Material for this task:
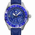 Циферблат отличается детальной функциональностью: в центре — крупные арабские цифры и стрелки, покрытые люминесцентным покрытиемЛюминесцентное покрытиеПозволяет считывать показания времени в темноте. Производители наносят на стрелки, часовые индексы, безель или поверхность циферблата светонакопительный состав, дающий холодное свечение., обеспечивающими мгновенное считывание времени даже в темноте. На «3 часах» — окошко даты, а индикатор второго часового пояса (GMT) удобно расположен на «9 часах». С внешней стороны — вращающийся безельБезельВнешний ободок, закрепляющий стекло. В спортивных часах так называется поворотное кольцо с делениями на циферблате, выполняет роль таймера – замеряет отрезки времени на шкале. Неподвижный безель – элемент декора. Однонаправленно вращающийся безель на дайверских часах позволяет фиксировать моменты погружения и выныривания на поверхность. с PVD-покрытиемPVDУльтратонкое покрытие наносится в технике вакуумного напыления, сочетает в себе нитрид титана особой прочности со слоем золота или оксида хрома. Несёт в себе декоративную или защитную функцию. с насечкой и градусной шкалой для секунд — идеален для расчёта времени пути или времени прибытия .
* * *
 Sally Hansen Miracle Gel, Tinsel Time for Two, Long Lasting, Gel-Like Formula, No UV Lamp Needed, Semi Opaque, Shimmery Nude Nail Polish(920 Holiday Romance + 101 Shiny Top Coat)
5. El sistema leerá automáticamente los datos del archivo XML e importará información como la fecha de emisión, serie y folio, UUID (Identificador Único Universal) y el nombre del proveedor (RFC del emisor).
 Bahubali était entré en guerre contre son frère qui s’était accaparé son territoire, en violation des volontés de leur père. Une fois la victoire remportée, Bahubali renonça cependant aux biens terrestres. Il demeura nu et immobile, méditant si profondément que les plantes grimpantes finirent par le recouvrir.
* * *
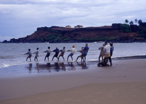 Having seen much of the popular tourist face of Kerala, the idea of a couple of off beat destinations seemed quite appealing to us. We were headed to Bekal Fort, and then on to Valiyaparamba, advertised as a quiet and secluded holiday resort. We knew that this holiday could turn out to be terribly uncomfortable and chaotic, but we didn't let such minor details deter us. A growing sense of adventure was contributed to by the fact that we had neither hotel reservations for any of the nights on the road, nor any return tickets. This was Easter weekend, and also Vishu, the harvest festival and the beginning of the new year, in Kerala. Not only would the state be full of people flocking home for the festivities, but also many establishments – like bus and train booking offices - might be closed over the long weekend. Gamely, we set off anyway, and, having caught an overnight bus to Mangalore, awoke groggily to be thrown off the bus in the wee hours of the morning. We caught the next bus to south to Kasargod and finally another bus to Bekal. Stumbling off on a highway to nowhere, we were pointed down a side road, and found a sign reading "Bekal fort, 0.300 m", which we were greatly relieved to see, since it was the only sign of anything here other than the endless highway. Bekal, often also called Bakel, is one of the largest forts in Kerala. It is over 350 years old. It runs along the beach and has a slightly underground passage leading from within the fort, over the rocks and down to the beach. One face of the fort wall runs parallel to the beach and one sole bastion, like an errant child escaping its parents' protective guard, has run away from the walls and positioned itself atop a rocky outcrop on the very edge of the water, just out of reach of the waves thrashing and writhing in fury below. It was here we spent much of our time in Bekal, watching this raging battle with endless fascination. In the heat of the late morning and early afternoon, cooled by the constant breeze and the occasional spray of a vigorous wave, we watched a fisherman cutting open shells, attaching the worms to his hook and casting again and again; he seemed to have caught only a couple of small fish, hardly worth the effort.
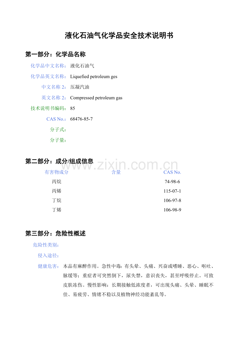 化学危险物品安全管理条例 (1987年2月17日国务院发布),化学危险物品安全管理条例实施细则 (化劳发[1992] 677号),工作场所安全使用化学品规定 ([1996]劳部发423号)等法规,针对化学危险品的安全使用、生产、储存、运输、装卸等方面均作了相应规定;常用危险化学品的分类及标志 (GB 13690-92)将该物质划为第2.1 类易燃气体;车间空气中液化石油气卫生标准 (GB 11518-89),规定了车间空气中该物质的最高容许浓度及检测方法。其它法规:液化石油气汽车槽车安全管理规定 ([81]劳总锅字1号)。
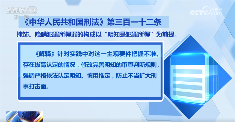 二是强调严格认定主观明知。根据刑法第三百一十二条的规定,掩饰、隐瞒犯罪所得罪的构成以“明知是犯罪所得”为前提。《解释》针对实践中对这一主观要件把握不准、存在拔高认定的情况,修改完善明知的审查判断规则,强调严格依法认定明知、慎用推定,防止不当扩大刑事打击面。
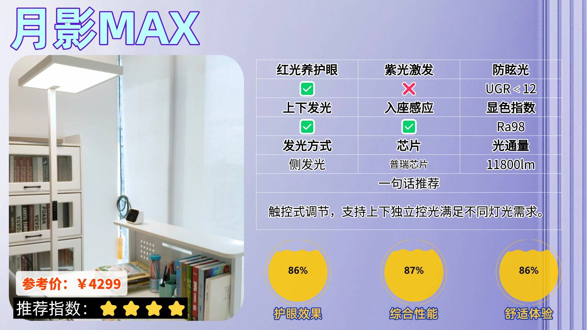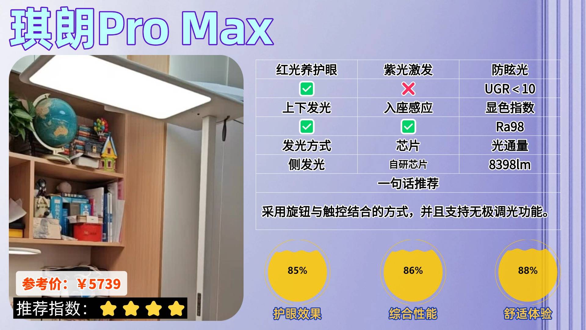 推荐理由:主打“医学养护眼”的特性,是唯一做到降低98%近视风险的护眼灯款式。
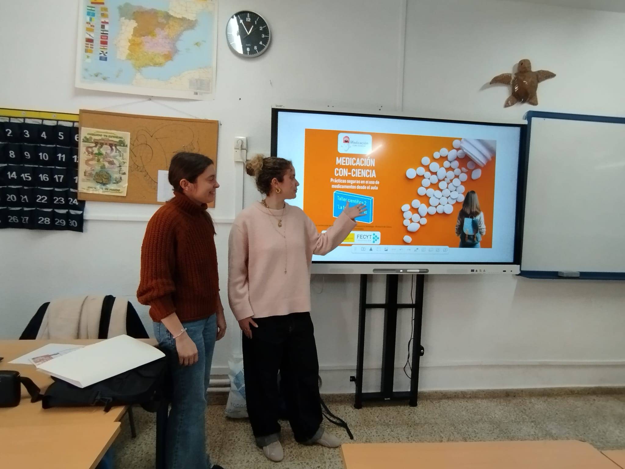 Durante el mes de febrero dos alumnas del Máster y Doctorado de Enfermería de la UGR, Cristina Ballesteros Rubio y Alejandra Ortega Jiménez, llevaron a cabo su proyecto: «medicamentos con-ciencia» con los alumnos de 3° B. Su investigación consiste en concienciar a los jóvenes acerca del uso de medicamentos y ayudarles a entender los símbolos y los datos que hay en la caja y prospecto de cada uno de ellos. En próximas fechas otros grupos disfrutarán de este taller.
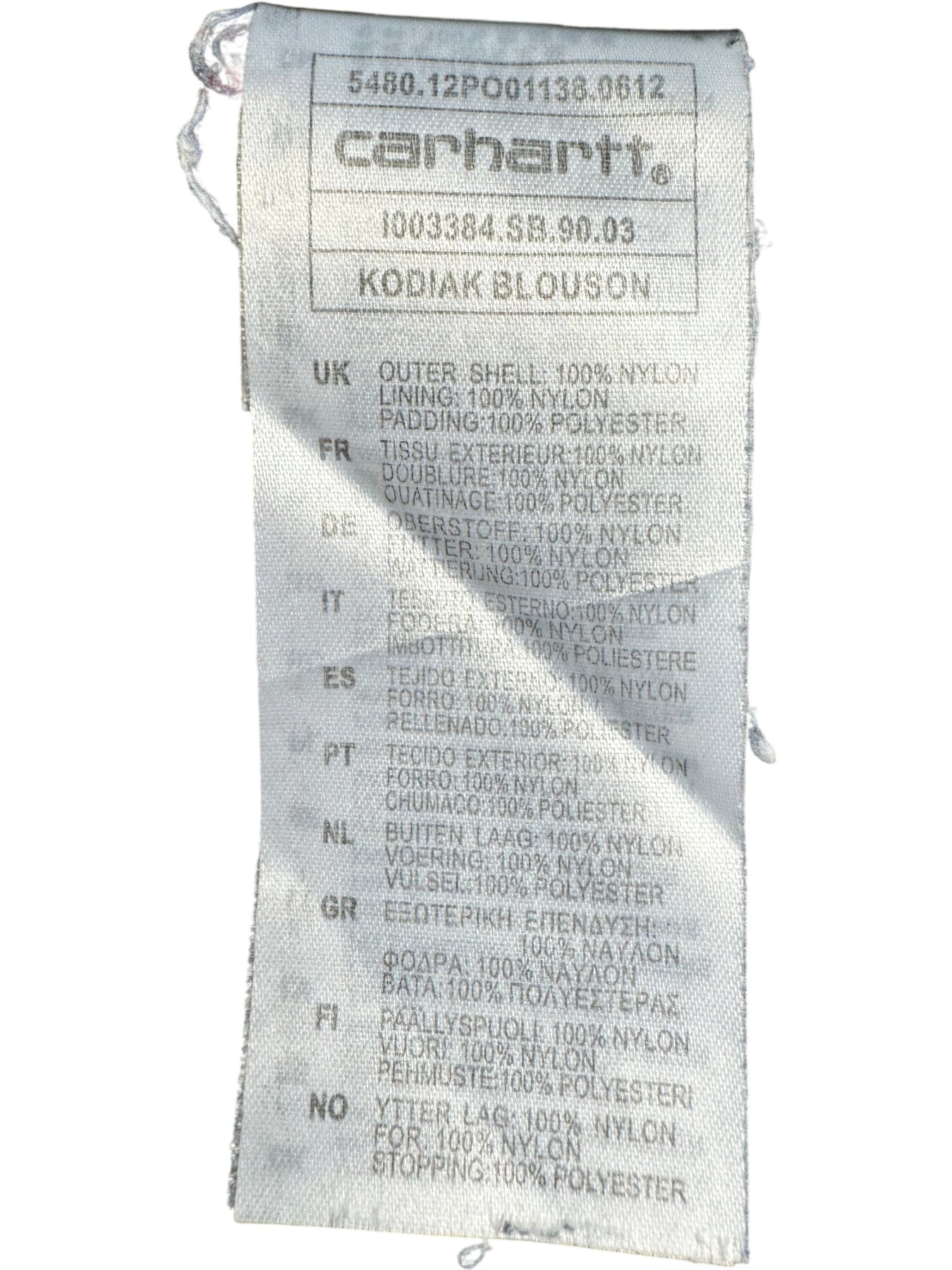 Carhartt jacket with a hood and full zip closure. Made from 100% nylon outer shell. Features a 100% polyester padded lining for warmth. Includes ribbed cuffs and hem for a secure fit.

Problem to solve:
Reproduce the lines above, beginning at the line with "Sally Hansen Miracle" and stopping after the line with "Bahubali était entré", exactly as they are.

Output of the exercise:
 Sally Hansen Miracle Gel, Tinsel Time for Two, Long Lasting, Gel-Like Formula, No UV Lamp Needed, Semi Opaque, Shimmery Nude Nail Polish(920 Holiday Romance + 101 Shiny Top Coat)
5. El sistema leerá automáticamente los datos del archivo XML e importará información como la fecha de emisión, serie y folio, UUID (Identificador Único Universal) y el nombre del proveedor (RFC del emisor).
 Bahubali était entré en guerre contre son frère qui s’était accaparé son territoire, en violation des volontés de leur père. Une fois la victoire remportée, Bahubali renonça cependant aux biens terrestres. Il demeura nu et immobile, méditant si profondément que les plantes grimpantes finirent par le recouvrir.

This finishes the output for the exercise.